Senior management of a consulting services firm is concerned about a growing decline in the firm's weekly number of billable hours. The firm expects each professional employee to spend at least 40 hours per week on work. In an effort to understand this problem better, management would like to estimate the standard deviation of the number of hours their employees spend on work-related activities in a typical week. Rather than reviewing the records of all the firm's full-time employees, the management randomly selected a sample of size 51 from the available frame. The sample mean and sample standard deviations were 48.5 and 7.5 hours, respectively.

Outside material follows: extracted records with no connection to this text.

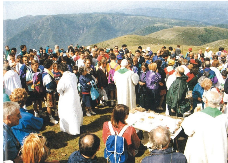
Celebració de la missa del 46è. Aplec, una mica més avall de l'altar.
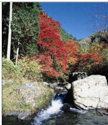
風光明媚な蓬萊山
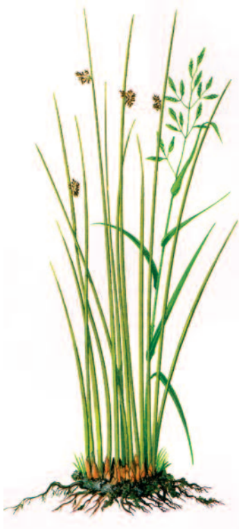
Lyssiv/knappsiv.

Svært mye av Herdis' utvikling i Musikk fra en blå brønn er bestemt av hennes forhold til foreldrene og deres nye partnere og av de innbyrdes relasjonene mellom disse fire voksne. Herdis opplever de voksnes og især moras hemmeligheter og løgner som onde gåter; og disse gåtene leder fram til skilsmissten. Men også etter samlivsbruddet er de voksne i ubalanse, og deres ustadige og uberegnelige oppførsel mot Herdis fører til stadig nye kriser og ofte dramatiske situasjoner. Et nytt vendepunkt kommer mot slutten da Herdis flytter fra faren til mora og Elias. Hos stefaren finner hun en støtte og omsorg som faren aldri har gitt henne. Skjønt forholdet til mora fortsatt er konfliktfylt er Herdis mot slutten av romanen bedre rustet til å ta imot nye gåter i møtet med det voksne livet som hun snart står på terskelen til i sin egen utvikling.
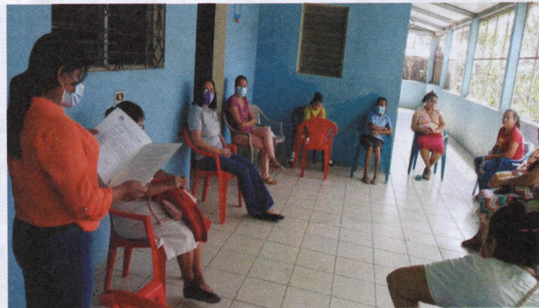
Asamblea de afiliados/as en San Francisco Echeverría, Cabañas
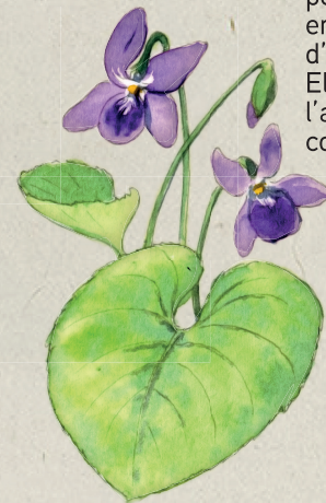
Violette des bois

Annonciatrice du printemps, vous pourrez observer cette emblématique fleur d'avril à mai. Elle s'épanouit à l'abri du soleil, sous le couvert des arbres.

Construct a 90% confidence interval for the standard deviation of the number of hours this firm's employees spend on work-related activities in a typical week.

Solution:

In given problem, we have the following original data: Sample size (n) = 51, Standard deviation (s) = 7.5 hours, mean = 48.5 hours.

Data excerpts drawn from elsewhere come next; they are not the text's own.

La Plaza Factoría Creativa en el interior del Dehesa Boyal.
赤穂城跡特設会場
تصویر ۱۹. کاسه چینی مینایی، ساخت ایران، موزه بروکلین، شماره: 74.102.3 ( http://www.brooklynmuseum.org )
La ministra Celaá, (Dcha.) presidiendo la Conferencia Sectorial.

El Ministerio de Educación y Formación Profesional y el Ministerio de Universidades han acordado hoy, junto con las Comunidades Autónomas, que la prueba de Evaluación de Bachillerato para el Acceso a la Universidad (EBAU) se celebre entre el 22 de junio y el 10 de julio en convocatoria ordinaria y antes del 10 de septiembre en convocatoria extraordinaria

For a sample size of n= 51, we will have df = n - 1 = 50 degrees of freedom. Then, we have to find the critical values: $\chi_{1 - \alpha}^2 = \chi_{0.95,50}^2 \approx 34.764$ and $\chi_{\alpha}^2 = \chi_{0.05,50}^2 \approx 67.505$ . (We determine the critical values from the Chi-Square Distribution Table http://sites.stat.psu.edu/~mga/401/tables/Chi-square-table.pdf).

Then, the confidence interval is:

\frac{(n - 1)s^2}{\chi_{\alpha}^2} < \sigma^2 < \frac{(n - 1)s^2}{\chi_{1 - \alpha}^2}

Now, we substitute the values into the formula noted above:

\frac{(51 - 1) \cdot (7.5)^2}{67.505} < \sigma^2 < \frac{(51 - 1) \cdot (7.5)^2}{34.764}

Simplify the obtained inequality:

41.66358048 < \sigma^2 < 80.90265792

Finally, we can calculate the confidence interval for the population standard deviation:

41.66358048 < \sigma^2 < 80.90265792

Then, taking square roots gives us the following:

6.455 < \sigma < 8.995

Thus, we are 90% confident that the standard deviation of the number of hours this firm's employees spend on work-related activities in a typical week are between 6.455 and 8.995 hours.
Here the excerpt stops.